When I took on the opportunity to create a global solution to share EF’s stories, EF had already made decades of impact on millions of people’s lives around the world. Whether through language learning, cultural exchange, educational travel, or experiential education, there were few for-profit companies that could rival EF’s positive contribution in the world. The problem was, nobody was telling that story. Like ephemeral moments, the stories of impact were largely lost. I saw that across all businesses at EF, there was a need for proof of impact, and most of all, pride. That’s how EF’s first-ever EF Impact Report was born.
THE APPROACH
Uncovering the impact of EF
The brief was simple—I wanted to find and tell the stories that made customers and team members proud of EF. The process started from zero. There was no platform to tell stories, no system to collect them, and no way to express what the collective impact of EF was.
I started where I always start, with questions. This was during the pandemic, and everyone was working from home. It was the perfect time to do in-depth interviews with people across time zones. I approached building understanding and momentum for the project through conversations.
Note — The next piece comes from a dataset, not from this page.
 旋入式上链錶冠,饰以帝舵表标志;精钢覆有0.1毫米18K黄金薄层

After collecting about 100 hours of content getting to the root of what made people proud of EF, the real trick was pulling it all together into something that people around the world of EF could connect with.


THE PROCESS
doing the work
The pandemic had many downsides, but one upside was that I had an incredible team of storytellers who had the time to focus on one mission—help me figure out how to tell the story of EF’s impact. From far and wide we hunted down information, collected assets, and debated the best way to put it all together. We were a team of writers, marketers, designers, product owners, and videographers, but we worked as collaborators who supported one another to create something we could all be immensely proud of.
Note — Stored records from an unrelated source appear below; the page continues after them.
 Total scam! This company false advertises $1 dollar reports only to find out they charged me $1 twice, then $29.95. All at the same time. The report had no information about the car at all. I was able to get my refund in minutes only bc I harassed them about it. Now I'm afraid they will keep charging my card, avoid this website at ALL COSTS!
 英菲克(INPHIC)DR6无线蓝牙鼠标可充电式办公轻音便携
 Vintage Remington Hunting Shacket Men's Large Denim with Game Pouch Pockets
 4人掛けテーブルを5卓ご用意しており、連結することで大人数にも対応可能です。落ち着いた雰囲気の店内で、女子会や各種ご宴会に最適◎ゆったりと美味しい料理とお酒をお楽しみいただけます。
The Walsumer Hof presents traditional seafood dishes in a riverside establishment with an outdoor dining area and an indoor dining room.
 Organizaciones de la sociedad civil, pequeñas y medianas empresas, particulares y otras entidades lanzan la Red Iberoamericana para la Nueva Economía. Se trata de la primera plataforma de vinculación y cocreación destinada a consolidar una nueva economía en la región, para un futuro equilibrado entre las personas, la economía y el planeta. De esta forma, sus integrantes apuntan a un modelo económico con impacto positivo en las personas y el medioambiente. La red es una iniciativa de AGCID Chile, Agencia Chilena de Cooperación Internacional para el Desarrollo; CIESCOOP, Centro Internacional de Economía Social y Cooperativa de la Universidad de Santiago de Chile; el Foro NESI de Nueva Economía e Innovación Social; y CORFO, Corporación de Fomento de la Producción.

One of the biggest challenges was putting everything together in a way that businesses across EF could leverage. Some EF businesses sold travel products directly to customers, some worked with educators and schools, and some partnered with governments and Fortune 500 corporations. Whatever we created needed to work for all of them.

THE WORK
highlighting a world of impact
I felt strongly what EF needed was an anchor piece that conveyed authority and credibility. That’s why the end result, a 65-page report, had such heft and depth. I knew not everyone would (or would need to) read the whole thing to get the point. But the fact that it existed gave weight to the ecosystem of channels and assets around it. From doing a roadshow to present the report to business teams across EF, to social assets, to blog posts, to videos, the universe of the EF Impact Report couldn’t have existed without the core authoritative piece at it’s heart.
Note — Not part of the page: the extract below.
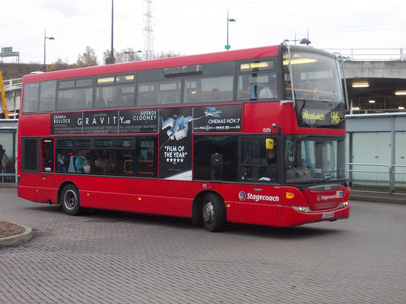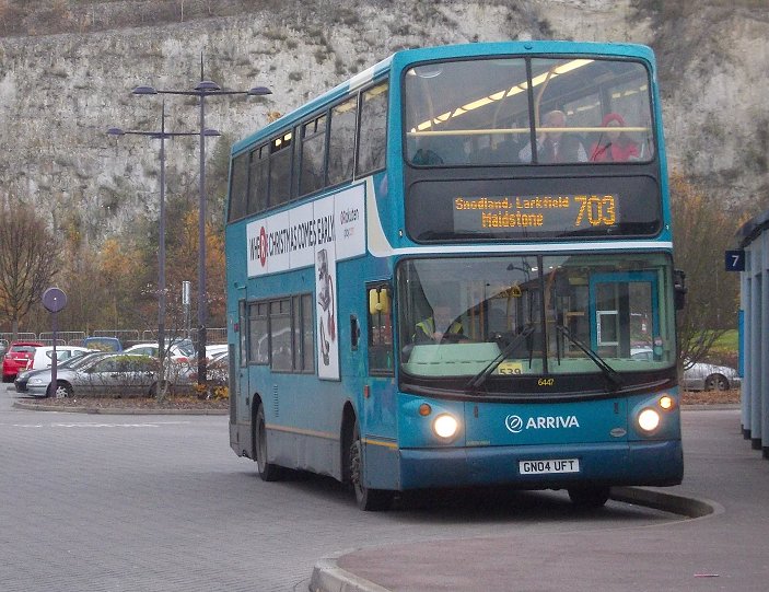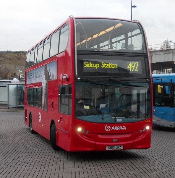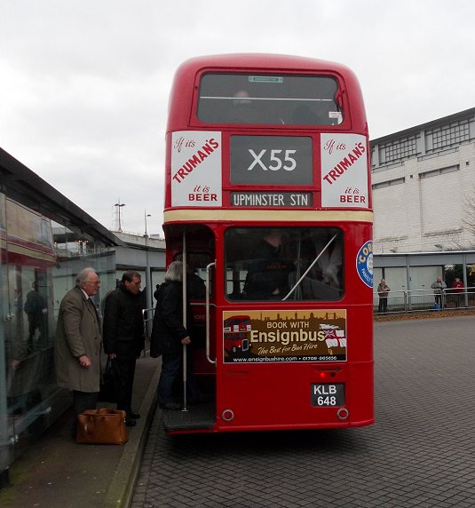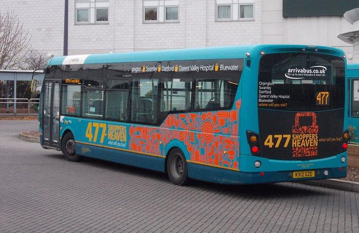 X55 and X81: Ensignbus Running DaySaturday 7th December 2012Prepared by Ian Smith, 21st December 2013.X55: Gravesend to Bluewater (RTL 453)I joined RTL453 for the journey back to Bluewater. We circulated up the hill and round past the Clock Tower and into the centre of Gravesend. We were allowed through the bus gate, and paused at the station stop. Then we headed for the high road through Northfleet. We met RLH61 coming the other way, then passed Northfleet Church and descended to Swanscombe. We climbed again, crossing over HS1 before descending again to Greenhithe. Turning left there, we descended into Bluewater, where I alighted. I watched the RTL depart, then headed into Marks and Spencer to find lunch in their cafe. BluewaterA half-hour later I returned to the bus station, with half-an hour to go until the RLH was due. There was plenty of activity amongst the regular bus services.3822, one of Arriva's 12.0m Volvo B7RLE/Wrightbus Urban Eclipse 41 seater saloons for Fastrack services was on route A to Dartford. Transport for London stretches out beyong the Greater London boundary to reach Bluewater with several services, including the 96, run by Stagecoach, and the 492, by Arriva Kent Thameside. Stagecoach's four-year old Scania OmniCity 15096 headed for Woolwich. Arriva's 2011 EnviroTrident 6463 was going to Sidcup on the 492. Resting between duties was much older Volvo Olympian 5936, dating from 1997. This had been on the 489, serving Perry Street, Southfleet, New Barn, Longfield and New Ash Green, essentially the old GS / RF 490 route with the 489 ending. Rather bigger than a GS! However, it does seem to have suffered along the roof-line from local foliage. Bluewater also attracts custom - and buses - from the Medway valley. Arriva Southern Counties Tridents 6447 and 6417 set off on the 703 to Maidstone and the 701 to Luton & Walderslade. The 477 from Orpington to Bluewater has also received new rolling stock, in the shape of heavily branded Wrightbus Streetlite DFs, such as 4220. EnviroDart 4001 brough a welcome splash of red to Bluewater, taking on the crowd that had been waiting quite a while for the 428 to Erith. Then, in the fading afternoon light, RLH61 arrived to take me back across the river...

The Team // Amy Van Aarle, Jennie Jouvenaar, Jim Williams, Brooke Parker, Hamo Field, Jeff Sias







THE SHIFT
from Passing Moments to pride
At a moment when the pandemic rocked EF, just like it rocked the world, the EF Impact Report gave team members around the world confidence and pride. Confidence we had the gravitas and legacy to get through the pandemic, and pride that the transformative impact of EF was worth fighting for.
We heard it over and over—people felt proud that the company took the impact of EF seriously. It positively affected how they felt about their daily work, their contributions to EF’s mission, and their confidence about telling the story of EF to others.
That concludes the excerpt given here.